Before merging please make sure to check the following:

  • If your script uses any libraries check if they are in packages.list and if not add them
  • Does your contribution require any additional configuration? If so please update README.md and docs/install_debian.md
    • If your changes need any system level changes, make sure to also add these in Dockerfile and install.sh
  • Please make sure the wikiproc package can be build by calling devtools::document() as well as R CMD build wikiproc and possibly also devtools::check()

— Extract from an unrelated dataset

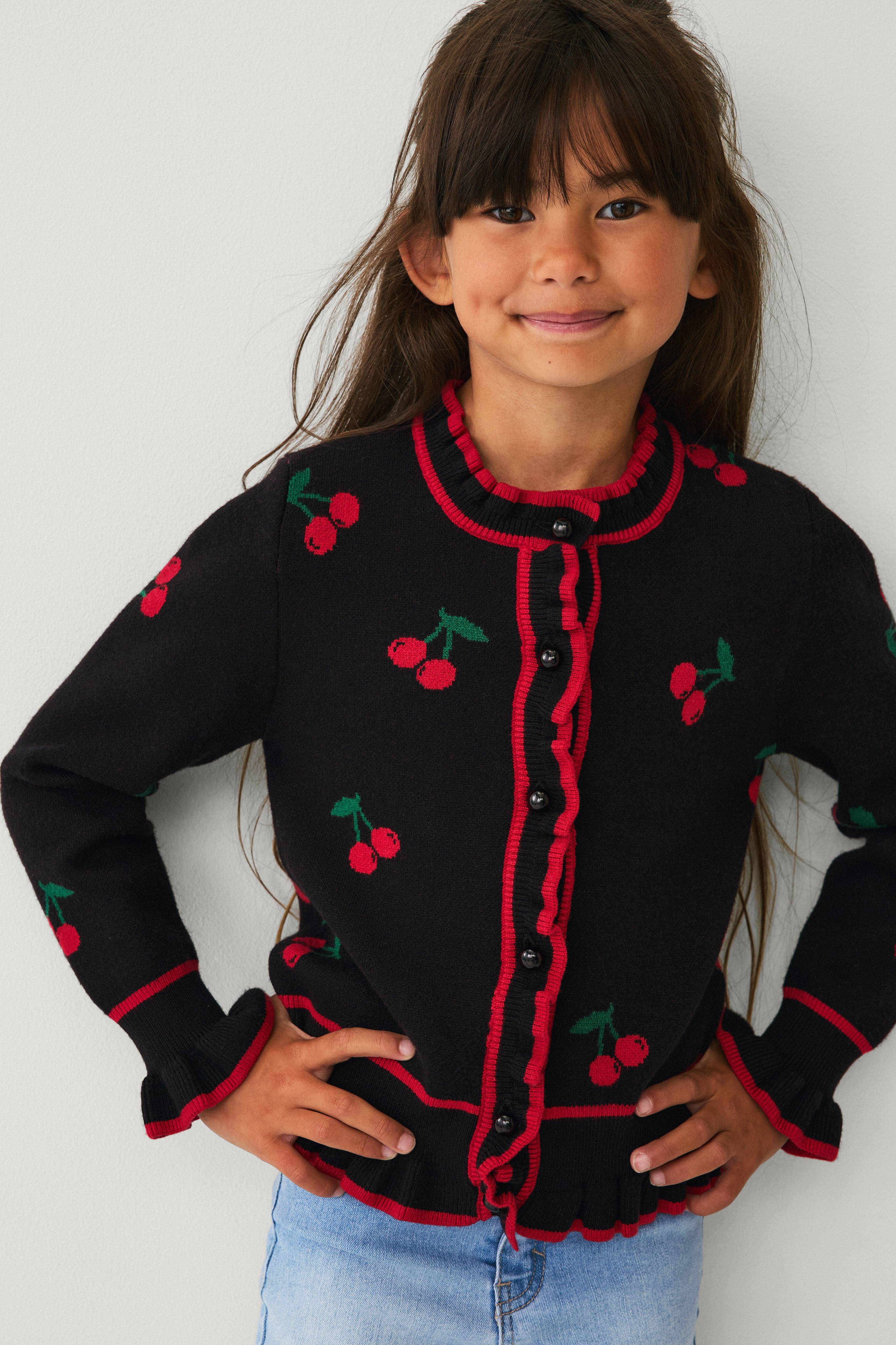 • Fintstrikket cardigan med Kirsebær-mønster• Rund halsudskæring• Blanke, afrundede knapper foran• Flæsekant rundt om halsudskæringen, på knaplukningen, ved ærmeafslutningerne og nederst

Writing custom feature extraction functions

When writing a function to extract a feature use the following as guidelines:

  • Place your file in the processing/wikiproc/R folder with an appropriate name
  • Add a function call to master.R within the main apply function
    • The parameters you hand to your function here will determine what you may work with
      • article[1] is the name of the physicits
      • article[2] and article[3] contain the page and revision id respectivly
      • article[4] contains the raw html text of the article
      • cleaned.text for the cleaned text
      • annotations contains the cleanNLP annotation object, to access it use the clnp_get functions. See here for help.
      • You may use additional parameters to your liking
    • Your function will allways be given data for a single article you do not need to make your function vectorized
  • Bind the output of your function to the resutls data frame at the very end of the main apply function
  • Please don't use library imports, if possible call the functions explicitly via ::. If you need to load a library do so in import_packages.R.

Steps to build

  • Make sure your functions are properly commented for roxygen
    • If your function is to be visible from the outside, make sure to add @export to the roxygen comment
  • Set the working directory to wikiproc and call devtools::document()
  • Step into processing and use devtools::install("wikiproc") to install the package

Installation

You may use this software by installing the wikiproc package and then running the master.R script. There are also directions on how to install from scratch on a debian vm and on how to build a docker.

General prerequisites

The script assumes all the packages in the packages.list file are installed within R. Furthermore you will need to have an spacy installation with the english language data installed. By default the script will assume to find this in a conda environment named spcy, if you need to change that do so in the ProcessNER.R file.

To build the wikiproc package navigate to the processing directory and run:

R CMD build wikiproc
R CMD INSTALL wikiproc_<version>.tar.gz

Note: This will require the R Tools on windows and possibly additional packages on *nix platforms.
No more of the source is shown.